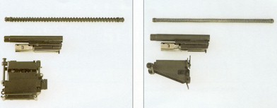 左图是HK21的枪机及供弹机构,右图为HK11的枪机及供弹机构
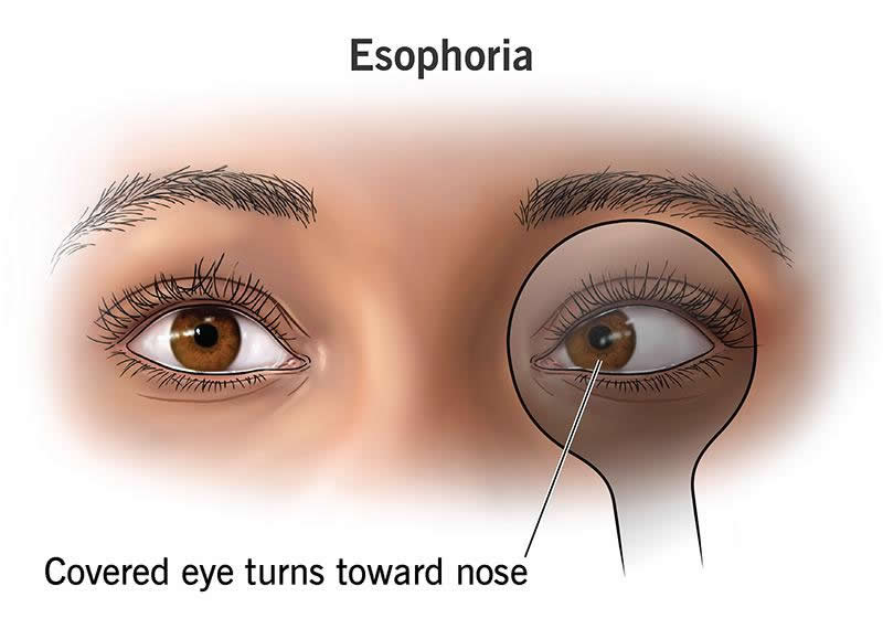 Esophoria is when covering one of your eyes makes it misalign and turn toward your nose. It’s a type of phoria, which is an eye misalignment that happens to an eye when you cover it. Larger phorias, including esophoria, are symptoms that fall under strabismus.
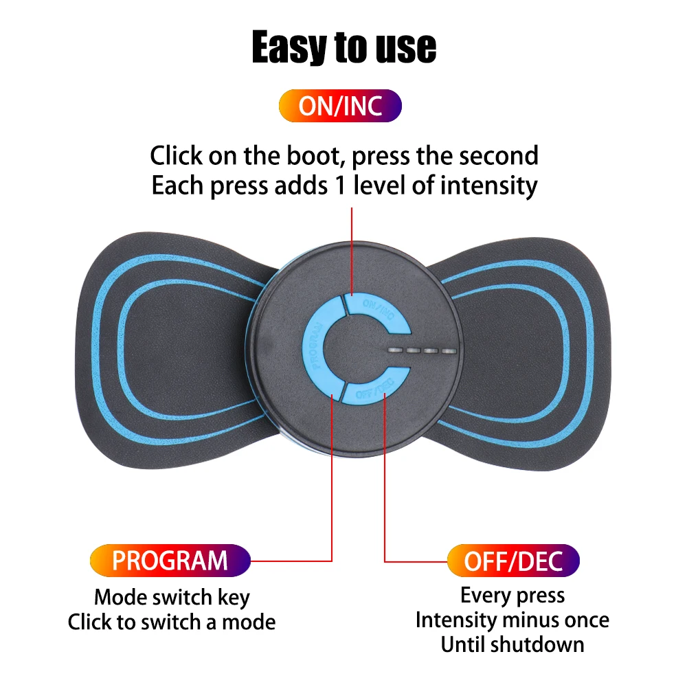 6.Adjust to the massage intensity that suits you. Continue to press ON/INC to increase the intensity and OFF/DEL to decrease the intensity.
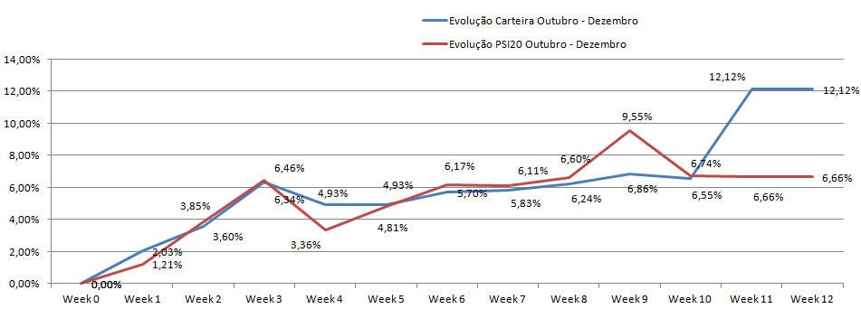 Mas como o objetivo não é tornar-me milionário com a bolsa mas sim trazer o maximo possível arriscando o minimo, esta foi a estratégia que achei mais segura. Não digo que não a poderei mudar alguma coisa, mas só na proxima carteira, ou seja, 01.01.2014... como se costuma dizer, ano novo, vida (estratégia) nova.. quem sabe?
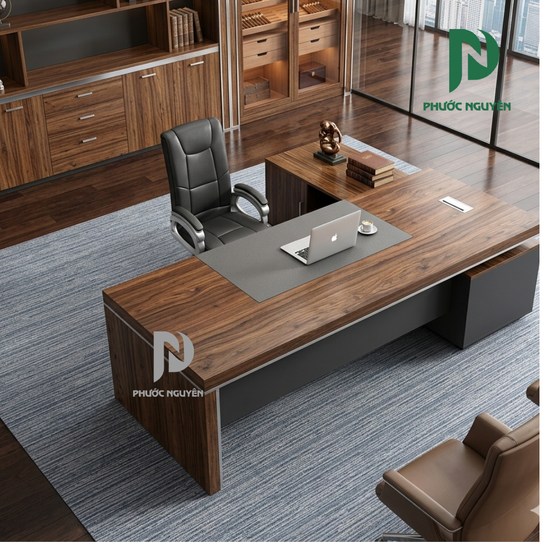 Bàn lãnh đạo chữ L- 002 là sự lựa chọn ưu việt cho những nhà quản lý cần một không gian làm việc rộng mở để xử lý đa nhiệm hiệu quả. Với cấu trúc góc chữ L đặc trưng, sản phẩm không chỉ nhân đôi diện tích thao tác mà còn tạo ra sự phân khu chức năng thông minh: một bên dành cho các thiết bị công nghệ hiện đại, bên còn lại ưu tiên cho việc ký kết văn bản và lưu trữ hồ sơ hiện hành.
★ ★ ★
:: Task to carry out ::
Set down every record exactly as written, but drop the pictures.

:: Result of the task ::
 左图是HK21的枪机及供弹机构,右图为HK11的枪机及供弹机构
 Esophoria is when covering one of your eyes makes it misalign and turn toward your nose. It’s a type of phoria, which is an eye misalignment that happens to an eye when you cover it. Larger phorias, including esophoria, are symptoms that fall under strabismus.
 6.Adjust to the massage intensity that suits you. Continue to press ON/INC to increase the intensity and OFF/DEL to decrease the intensity.
 Mas como o objetivo não é tornar-me milionário com a bolsa mas sim trazer o maximo possível arriscando o minimo, esta foi a estratégia que achei mais segura. Não digo que não a poderei mudar alguma coisa, mas só na proxima carteira, ou seja, 01.01.2014... como se costuma dizer, ano novo, vida (estratégia) nova.. quem sabe?
 Bàn lãnh đạo chữ L- 002 là sự lựa chọn ưu việt cho những nhà quản lý cần một không gian làm việc rộng mở để xử lý đa nhiệm hiệu quả. Với cấu trúc góc chữ L đặc trưng, sản phẩm không chỉ nhân đôi diện tích thao tác mà còn tạo ra sự phân khu chức năng thông minh: một bên dành cho các thiết bị công nghệ hiện đại, bên còn lại ưu tiên cho việc ký kết văn bản và lưu trữ hồ sơ hiện hành.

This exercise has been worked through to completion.